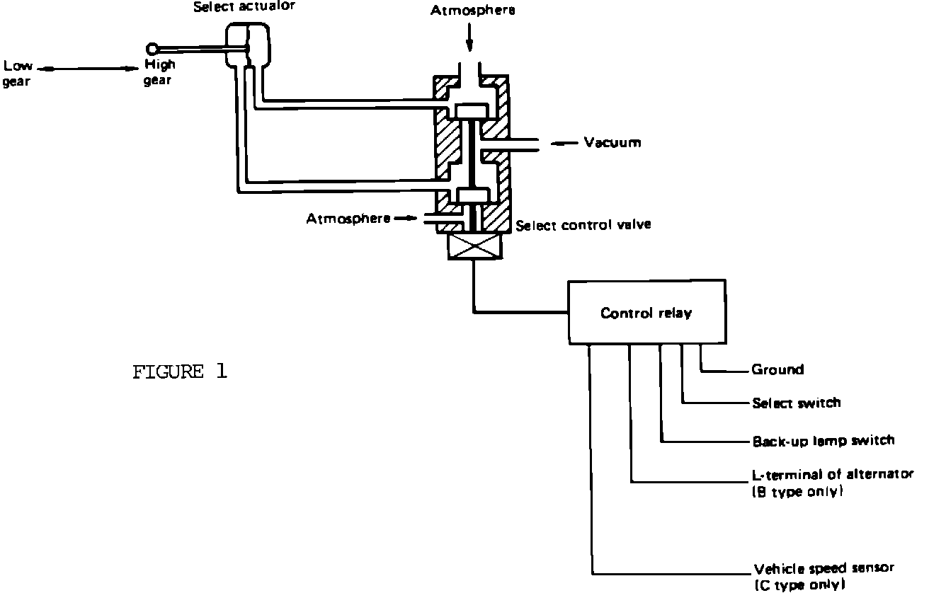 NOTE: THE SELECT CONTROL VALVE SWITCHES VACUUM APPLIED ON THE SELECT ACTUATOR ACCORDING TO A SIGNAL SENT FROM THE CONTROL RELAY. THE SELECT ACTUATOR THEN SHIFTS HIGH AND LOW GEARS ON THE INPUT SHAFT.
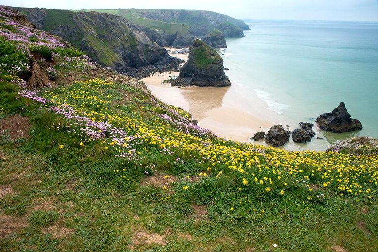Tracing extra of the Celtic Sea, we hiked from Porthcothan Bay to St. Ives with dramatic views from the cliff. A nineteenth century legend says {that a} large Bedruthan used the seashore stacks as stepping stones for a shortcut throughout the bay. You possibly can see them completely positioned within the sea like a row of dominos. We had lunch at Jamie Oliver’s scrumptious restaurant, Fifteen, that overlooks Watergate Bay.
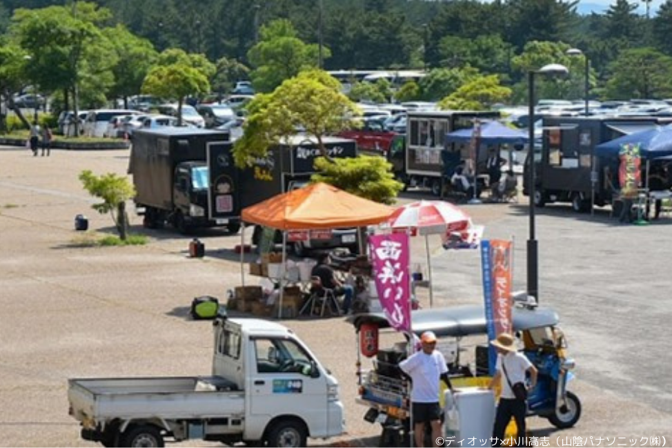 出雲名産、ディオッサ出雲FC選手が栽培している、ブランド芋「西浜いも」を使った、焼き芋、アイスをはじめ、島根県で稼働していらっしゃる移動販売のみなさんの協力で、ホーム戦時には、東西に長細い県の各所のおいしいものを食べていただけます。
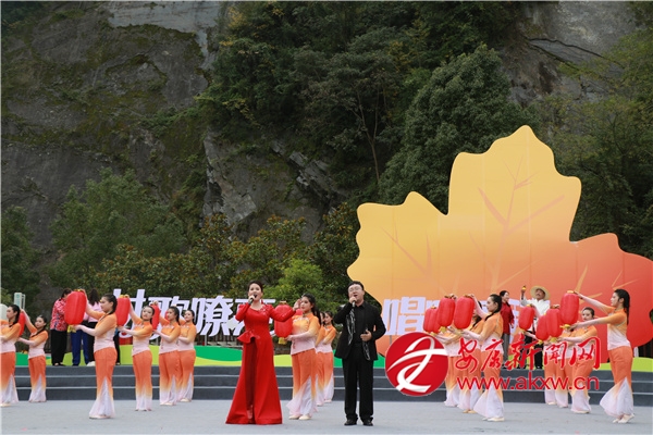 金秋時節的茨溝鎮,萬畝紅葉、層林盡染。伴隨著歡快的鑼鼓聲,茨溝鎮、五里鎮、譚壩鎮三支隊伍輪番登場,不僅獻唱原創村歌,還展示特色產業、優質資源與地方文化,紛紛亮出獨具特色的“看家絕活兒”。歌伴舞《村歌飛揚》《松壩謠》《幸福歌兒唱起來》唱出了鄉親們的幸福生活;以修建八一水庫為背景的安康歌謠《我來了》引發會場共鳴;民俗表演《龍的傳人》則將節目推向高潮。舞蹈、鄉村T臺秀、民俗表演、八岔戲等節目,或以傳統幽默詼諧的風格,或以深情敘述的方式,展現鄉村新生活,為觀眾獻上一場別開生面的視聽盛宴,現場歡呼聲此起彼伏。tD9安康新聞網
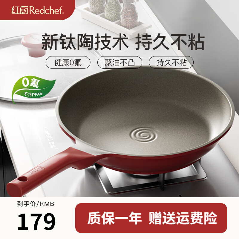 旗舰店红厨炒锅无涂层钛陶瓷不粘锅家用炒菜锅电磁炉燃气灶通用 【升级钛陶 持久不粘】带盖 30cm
•••
§ **Exercise goal**
Pictures are not part of the copy. Reproduce the lines from the one with "金秋時節的茨溝鎮,萬畝紅葉、" through the end of the listing above.

§ **Answer to the problem**
 金秋時節的茨溝鎮,萬畝紅葉、層林盡染。伴隨著歡快的鑼鼓聲,茨溝鎮、五里鎮、譚壩鎮三支隊伍輪番登場,不僅獻唱原創村歌,還展示特色產業、優質資源與地方文化,紛紛亮出獨具特色的“看家絕活兒”。歌伴舞《村歌飛揚》《松壩謠》《幸福歌兒唱起來》唱出了鄉親們的幸福生活;以修建八一水庫為背景的安康歌謠《我來了》引發會場共鳴;民俗表演《龍的傳人》則將節目推向高潮。舞蹈、鄉村T臺秀、民俗表演、八岔戲等節目,或以傳統幽默詼諧的風格,或以深情敘述的方式,展現鄉村新生活,為觀眾獻上一場別開生面的視聽盛宴,現場歡呼聲此起彼伏。tD9安康新聞網
 旗舰店红厨炒锅无涂层钛陶瓷不粘锅家用炒菜锅电磁炉燃气灶通用 【升级钛陶 持久不粘】带盖 30cm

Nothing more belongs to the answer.